**About this exercise**
Using the records below, filter out every line that lacks "inspired" and copy the rest.

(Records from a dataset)
══════════
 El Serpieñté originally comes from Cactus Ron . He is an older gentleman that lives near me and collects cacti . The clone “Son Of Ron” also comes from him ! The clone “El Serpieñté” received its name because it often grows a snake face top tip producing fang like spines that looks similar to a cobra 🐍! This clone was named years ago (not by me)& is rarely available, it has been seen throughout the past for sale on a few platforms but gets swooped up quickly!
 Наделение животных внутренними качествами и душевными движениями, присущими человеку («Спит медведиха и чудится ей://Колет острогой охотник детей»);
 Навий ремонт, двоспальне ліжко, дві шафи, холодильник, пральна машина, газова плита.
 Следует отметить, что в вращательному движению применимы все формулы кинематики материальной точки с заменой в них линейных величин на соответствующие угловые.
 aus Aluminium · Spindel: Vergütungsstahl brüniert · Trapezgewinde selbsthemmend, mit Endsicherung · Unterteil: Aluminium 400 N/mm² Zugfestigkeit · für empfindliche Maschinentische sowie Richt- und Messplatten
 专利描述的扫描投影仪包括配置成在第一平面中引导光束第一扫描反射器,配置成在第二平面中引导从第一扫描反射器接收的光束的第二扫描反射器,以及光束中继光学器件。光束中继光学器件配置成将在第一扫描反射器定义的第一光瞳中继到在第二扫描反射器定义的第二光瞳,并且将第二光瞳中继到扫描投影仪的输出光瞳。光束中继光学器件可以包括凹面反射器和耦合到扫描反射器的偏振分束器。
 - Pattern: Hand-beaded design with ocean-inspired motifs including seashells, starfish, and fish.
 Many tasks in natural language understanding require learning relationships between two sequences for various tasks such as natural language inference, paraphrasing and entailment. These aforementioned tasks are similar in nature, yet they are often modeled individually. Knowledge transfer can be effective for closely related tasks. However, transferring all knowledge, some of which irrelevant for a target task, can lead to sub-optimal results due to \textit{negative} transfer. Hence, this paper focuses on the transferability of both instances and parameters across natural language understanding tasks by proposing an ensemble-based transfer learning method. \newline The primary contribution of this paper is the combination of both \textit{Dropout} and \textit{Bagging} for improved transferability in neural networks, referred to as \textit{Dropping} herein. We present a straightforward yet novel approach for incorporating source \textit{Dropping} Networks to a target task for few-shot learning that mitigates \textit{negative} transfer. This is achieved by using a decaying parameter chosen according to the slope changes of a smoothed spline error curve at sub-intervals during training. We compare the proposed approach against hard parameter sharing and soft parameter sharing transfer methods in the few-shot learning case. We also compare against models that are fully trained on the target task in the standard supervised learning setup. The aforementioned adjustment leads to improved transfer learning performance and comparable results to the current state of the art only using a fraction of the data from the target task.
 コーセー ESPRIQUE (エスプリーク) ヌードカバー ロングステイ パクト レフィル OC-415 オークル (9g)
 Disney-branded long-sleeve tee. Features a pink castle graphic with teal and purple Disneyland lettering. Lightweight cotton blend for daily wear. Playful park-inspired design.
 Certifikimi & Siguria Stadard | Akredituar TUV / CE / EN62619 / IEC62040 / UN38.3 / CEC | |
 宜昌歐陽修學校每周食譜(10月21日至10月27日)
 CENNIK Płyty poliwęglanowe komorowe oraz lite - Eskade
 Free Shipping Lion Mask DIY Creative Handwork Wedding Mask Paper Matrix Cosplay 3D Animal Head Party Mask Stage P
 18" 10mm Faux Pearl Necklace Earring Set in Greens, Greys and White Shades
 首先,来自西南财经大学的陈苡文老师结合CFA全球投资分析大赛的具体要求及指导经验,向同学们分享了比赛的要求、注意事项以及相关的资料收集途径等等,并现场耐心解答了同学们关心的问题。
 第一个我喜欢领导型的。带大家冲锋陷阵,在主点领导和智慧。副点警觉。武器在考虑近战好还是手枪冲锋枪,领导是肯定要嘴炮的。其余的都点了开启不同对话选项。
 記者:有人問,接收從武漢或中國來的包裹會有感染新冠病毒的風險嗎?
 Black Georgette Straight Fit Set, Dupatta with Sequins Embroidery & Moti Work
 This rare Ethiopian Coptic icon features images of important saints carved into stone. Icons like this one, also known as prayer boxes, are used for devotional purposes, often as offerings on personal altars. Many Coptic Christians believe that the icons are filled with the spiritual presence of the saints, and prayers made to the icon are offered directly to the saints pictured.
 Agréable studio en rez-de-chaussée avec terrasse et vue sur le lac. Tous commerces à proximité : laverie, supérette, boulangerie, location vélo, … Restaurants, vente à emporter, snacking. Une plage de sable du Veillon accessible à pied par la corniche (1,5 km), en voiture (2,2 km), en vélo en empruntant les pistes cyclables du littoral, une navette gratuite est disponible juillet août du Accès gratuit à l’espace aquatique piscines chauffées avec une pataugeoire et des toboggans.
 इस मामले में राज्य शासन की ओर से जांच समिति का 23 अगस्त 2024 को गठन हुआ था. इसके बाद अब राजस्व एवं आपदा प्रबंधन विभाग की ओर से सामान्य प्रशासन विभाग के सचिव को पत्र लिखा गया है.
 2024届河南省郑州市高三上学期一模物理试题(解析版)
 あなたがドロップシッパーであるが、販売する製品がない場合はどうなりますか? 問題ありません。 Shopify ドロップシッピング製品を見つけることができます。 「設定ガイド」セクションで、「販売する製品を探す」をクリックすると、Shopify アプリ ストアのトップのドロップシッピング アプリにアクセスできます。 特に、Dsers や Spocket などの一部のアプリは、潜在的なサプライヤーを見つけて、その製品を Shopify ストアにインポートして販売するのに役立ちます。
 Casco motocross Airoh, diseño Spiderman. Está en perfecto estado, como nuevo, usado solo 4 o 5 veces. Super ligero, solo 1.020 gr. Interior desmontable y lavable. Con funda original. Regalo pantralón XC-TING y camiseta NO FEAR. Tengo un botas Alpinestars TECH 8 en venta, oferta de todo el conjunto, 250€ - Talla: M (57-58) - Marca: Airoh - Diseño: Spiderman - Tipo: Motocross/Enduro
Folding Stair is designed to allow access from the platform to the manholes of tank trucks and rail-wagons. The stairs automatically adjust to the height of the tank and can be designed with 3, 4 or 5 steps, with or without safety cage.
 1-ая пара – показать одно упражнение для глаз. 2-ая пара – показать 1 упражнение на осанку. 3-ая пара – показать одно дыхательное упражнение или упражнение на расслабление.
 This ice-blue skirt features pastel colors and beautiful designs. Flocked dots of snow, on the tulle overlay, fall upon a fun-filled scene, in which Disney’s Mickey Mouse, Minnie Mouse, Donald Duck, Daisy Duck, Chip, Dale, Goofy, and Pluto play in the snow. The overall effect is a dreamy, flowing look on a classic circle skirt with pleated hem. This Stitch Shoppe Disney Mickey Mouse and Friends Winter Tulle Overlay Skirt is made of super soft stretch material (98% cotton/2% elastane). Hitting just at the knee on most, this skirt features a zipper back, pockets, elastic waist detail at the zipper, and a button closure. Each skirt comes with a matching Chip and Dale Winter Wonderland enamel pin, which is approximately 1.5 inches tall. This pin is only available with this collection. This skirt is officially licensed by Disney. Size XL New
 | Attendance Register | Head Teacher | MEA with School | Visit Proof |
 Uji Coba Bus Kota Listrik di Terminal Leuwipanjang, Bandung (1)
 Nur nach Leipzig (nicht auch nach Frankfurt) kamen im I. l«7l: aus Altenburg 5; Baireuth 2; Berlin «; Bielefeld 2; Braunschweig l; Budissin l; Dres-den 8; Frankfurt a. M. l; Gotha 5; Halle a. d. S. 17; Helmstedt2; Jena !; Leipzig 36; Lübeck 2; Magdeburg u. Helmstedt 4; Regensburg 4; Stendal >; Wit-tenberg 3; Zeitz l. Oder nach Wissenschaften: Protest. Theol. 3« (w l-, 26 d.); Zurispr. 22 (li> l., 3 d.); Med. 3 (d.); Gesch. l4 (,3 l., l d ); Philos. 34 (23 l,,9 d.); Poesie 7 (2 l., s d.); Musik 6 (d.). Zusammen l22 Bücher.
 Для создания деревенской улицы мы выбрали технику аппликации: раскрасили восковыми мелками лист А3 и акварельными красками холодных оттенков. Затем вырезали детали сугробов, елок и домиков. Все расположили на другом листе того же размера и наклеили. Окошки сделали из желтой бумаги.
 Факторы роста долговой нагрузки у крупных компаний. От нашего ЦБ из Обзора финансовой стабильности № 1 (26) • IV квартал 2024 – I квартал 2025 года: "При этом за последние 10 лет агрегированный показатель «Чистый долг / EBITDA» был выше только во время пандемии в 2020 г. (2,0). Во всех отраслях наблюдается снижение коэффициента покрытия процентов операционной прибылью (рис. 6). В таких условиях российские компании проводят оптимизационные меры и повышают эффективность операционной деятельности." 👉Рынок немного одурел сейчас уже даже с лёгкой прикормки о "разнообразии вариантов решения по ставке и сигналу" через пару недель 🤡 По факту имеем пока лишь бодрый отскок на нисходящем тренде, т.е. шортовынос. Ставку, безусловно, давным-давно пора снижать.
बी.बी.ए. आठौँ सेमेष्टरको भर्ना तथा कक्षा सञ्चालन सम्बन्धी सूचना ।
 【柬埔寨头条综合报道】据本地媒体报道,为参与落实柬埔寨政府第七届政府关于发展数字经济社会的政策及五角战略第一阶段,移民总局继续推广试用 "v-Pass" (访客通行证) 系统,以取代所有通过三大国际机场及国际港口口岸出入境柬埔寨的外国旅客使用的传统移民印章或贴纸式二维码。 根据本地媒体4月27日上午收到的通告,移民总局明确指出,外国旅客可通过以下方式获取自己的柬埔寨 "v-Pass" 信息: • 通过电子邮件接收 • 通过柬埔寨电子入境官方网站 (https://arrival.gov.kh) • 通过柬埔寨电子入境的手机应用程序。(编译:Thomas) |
══════════
**Answer to the exercise**
 - Pattern: Hand-beaded design with ocean-inspired motifs including seashells, starfish, and fish.
 Disney-branded long-sleeve tee. Features a pink castle graphic with teal and purple Disneyland lettering. Lightweight cotton blend for daily wear. Playful park-inspired design.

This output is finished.